Public Health's Paul Ettestad on the big bird questions.
As the state veterinarian for the New Mexico Department of Health, what is your role when it comes to the bird flu risk for New Mexico?
My main role is risk communication. I try to educate people to avoid public hysteria and educate people so they know what they can do to reduce their risk. I also co-ordinate that message with other state agencies.
Specifically in Santa Fe and northern New Mexico there's a lot of organically produced poultry and products that are not mass-produced. Does that affect, one way or the other, the potential danger for us?
You know, right now the avian flu hasn't made it into the United States. The way that people think it might come is if migratory birds from Asia that share common breeding grounds up in Alaska may pass it to birds in North America and bring it down. There's been extensive surveillance of birds in Alaska-it's been going on for several years-and they haven't found it there yet. So it hasn't made it into any of the wild bird population of the United States. If it does, there is always the risk some of those migratory birds will land in areas where there is domestic poultry that's outside and potentially pass it on that way. So there is the potential in small backyard poultry areas, especially if they're near areas where there are waterfowl, because it seems to be mostly in ducks and geese. Then there would be the potential to pass it on that way. When you look at large commercial poultry operations most of those are housed in big buildings where it's not possible for the wild birds to get in and mix.
Is there anything about northern New Mexico, if the avian flu were to enter the United States, that would make us more-or less-susceptible to a bad outbreak?
Our poultry industry is fairly small compared to other states where they have large production and lots of poultry, so we don't have a lot of domestic poultry here. One thing we do have, though, is one of the bird flyways, a central flyway. Birds come down through the Rio Grande Valley…waterfowl like to be near water, so they would concentrate along the Rio Grande River. If H5N1 was found in Alaska and people started looking along the flyways, which I think they're going to in the next year or two, that's one of the places they'd be looking because of the concentration of that flyway along just a few rivers. So that would be where you would look, that would be where you would be concerned that wild birds could infect domestic poultry and where you would want to concentrate some of your education efforts to let people know they want to cage their birds such that they won't have contact with wild birds.
In terms of that education, does the state government have any sort of regulation for smaller farms?
The New Mexico Livestock Board has jurisdiction over domestic poultry and diseases of domestic poultry and avian influenza is reportable to the New Mexico Livestock Board. You know, there have been other outbreaks in this country of different types of avian influenza that have gone on in the past. Last summer there was an outbreak of H5N2 in Texas and the US Department of Agriculture along with the state livestock people went in and they had to quarantine that farm and they had to euthanize all the birds. They did surveillance in that area to make sure the birds hadn't transferred it anywhere else. And they were able to fairly rapidly eliminate that disease. Now that's hard to do in places in like Asia where you have lots of birds. Here if we were to get it in our domestic poultry we have enough experience with avian influenza I think they'd be able to put out any kind of outbreak in the domestic poultry. Now if it's in the wild birds that's going to be more difficult.
Since cockfighting is legal in New Mexico, could that be an added risk factor for spreading bird flu?
The only potential other than migrating birds bringing the virus into the domestic population is exotic pet birds being smuggled in. I think there was a case in Britain a couple of weeks ago.
Do you know if most cockfighting birds are smuggled in?

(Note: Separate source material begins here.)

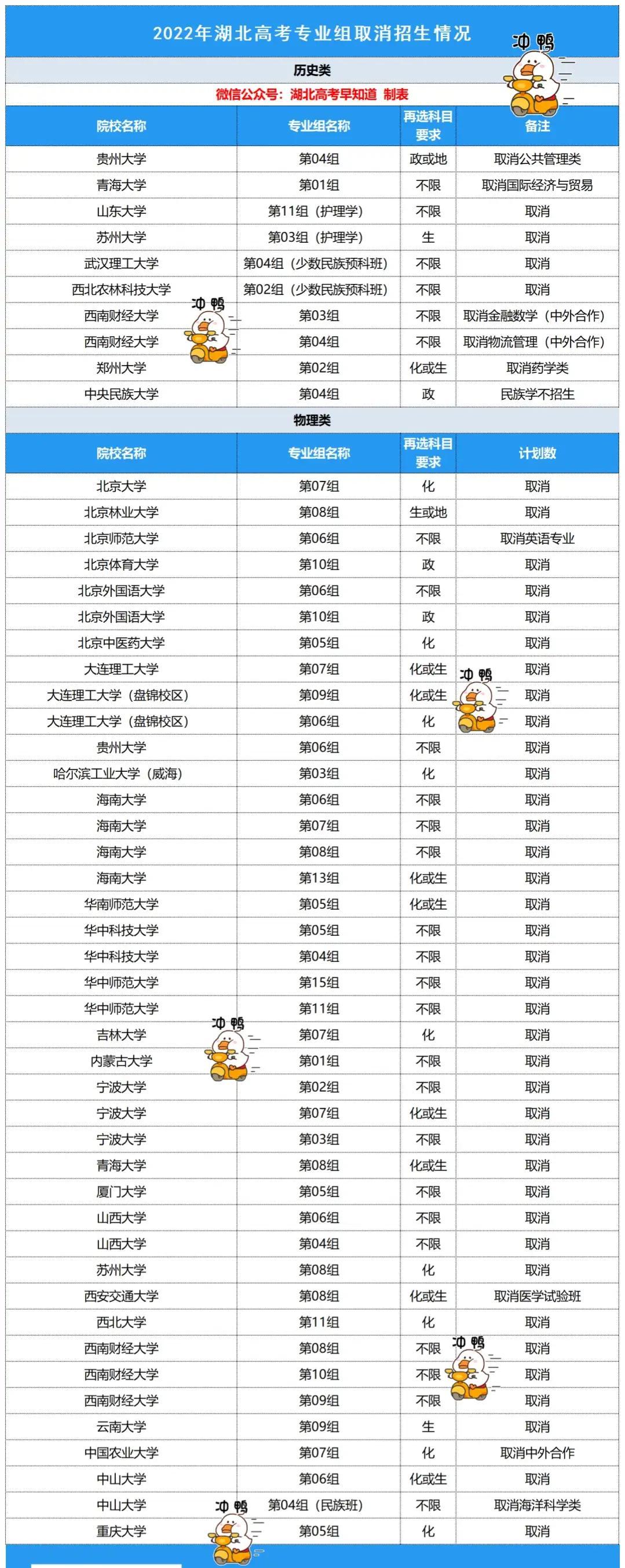 从表格中可以看出:2022年物理类取消的专业组比较多,虽然取消了某专业组招生,但是也有新增的专业组;今年不少的院校取消了大类招生。历史类中山东大学、苏州大学的护理学专业组,今年不招生了,少数民族预科班也有院校取消招生。

I think we have some breeders here in the state. I'm not sure if some are brought illegally into the state-that would just be a hypothetical.

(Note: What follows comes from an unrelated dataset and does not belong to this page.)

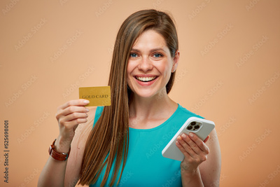 Smiling woman holding credit card and smartphone, isolated portrait on yellow brown background.

In all honesty, how scared are you?
At this point I'm not very worried at all because it hasn't made it into Alaska yet. I think people are mixing up bird flu with what we call pandemic flu. I think it's good that people are starting to pay attention to pandemic flu and that we're starting to plan for something like that which might happen, which may or may not be due to this bird flu in the future.
What's the difference?
Well, bird flu is a specific type, this H5N1 avian flu which right now is being transferred to bird, and in a few cases from bird to human. What people are worried about is if this virus mutates and changes such that it becomes readily transmissible from person to person and it becomes a sub-type where people's immune system hasn't seen it before and you have a lot of person to person spread and a lot of fatalities. That may or may not happen with this bird flu, but it could potentially happen with all the different types of flu that are out there from year to year. So if that does happen, with our modern transportation system, with people flying around the world, within a day they're someplace else, then you can see the potential for this flu to spread rapidly without adequate ability to produce a vaccine for everybody quickly.